= Markus Bär Friedenthal =

German banker (1779–1859)

Markus Bär Friedenthal (born 23 June 1779, Groß Glogau — 3/8 December 1859, Breslau) was a German Jewish banker and scholar.

Although one of the leading bankers at Breslau, he devoted much time to study and to communal affairs. His special interest lay in the field of religious philosophy and dogma, which he treated rather in an apologetic than in a purely scientific manner.

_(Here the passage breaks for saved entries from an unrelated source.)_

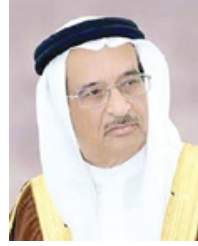
الشيخ محمد بن عبدالله آل خليفة

المتعدد، بدعوة جميع المصابين في دول العالم للتواصل والتعرف على مستجدات المرض ومشاركة بعضهم البعض من أجل تنمية علاقات إنسانية مع الآخرين وتذليل العقبات والحوجز الاجتماعية التي تواجههم في سبيل دمجهم في المجتمع والاحتفاء بشبكات الدعم وتأييد الرعاية الذاتية. وتسعى الاحتفالية بهذه المناسبة للمطالبة بقرارات رسمية وموحدة بين الحكومات في كل دول العالم لضمان تقديم خدمات أفضل ورسم خريطة طريق لقوانين العمل للأشخاص المصابين بالتصلب المتعدد، مع تزايد أعداد المصابين
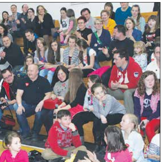
aktorka Hanna Śleszyńska
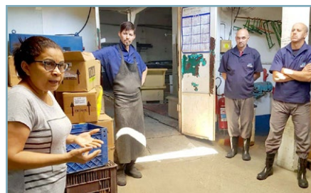
CROMAÇÃO UNIVERSO Sonete e assistente

His works nevertheless revealed great sagacity, and had the merit, coming as they did from a conservative, of opening to the Talmudists the field of modern critical studies.

== Literary works ==
- Iḳḳare Emunah, on the dogmas of Jewish religion, proving that Mosaism is in accordance with the aims of humanity (Breslau, 3 vols., 1816-1818);
- Yesod ha-Dat, a characterization of Jewish law (ib. 7 vols., 1821-23)
- Mishpaṭ ha-Aḥizah we-Mishpaṭ ha-Zekiyyah, on the law of property, a summary of the preceding work (ib. 1838)
- Miktab le-Ḥakme Yisrael, an open letter to Jewish scholars concerning Jewish dogmas (ib. 1825)
- Ma'amar Mordekai, a defense of the institutions of the great synagogue at Breslau, with notes on the use and form of the prayers (ib. 1834);
- Ha-Ḥokmah, ha-Tebunah, weha-Dat, on intelligence, comprehension, and religion, in 4 parts (ib. 1843-46)

Several of these works were translated into German by J. R. Fürstenthal and by Wilhelm Freund. Friedenthal was also the author of many pamphlets written in German, dealing with the communal affairs of Breslau.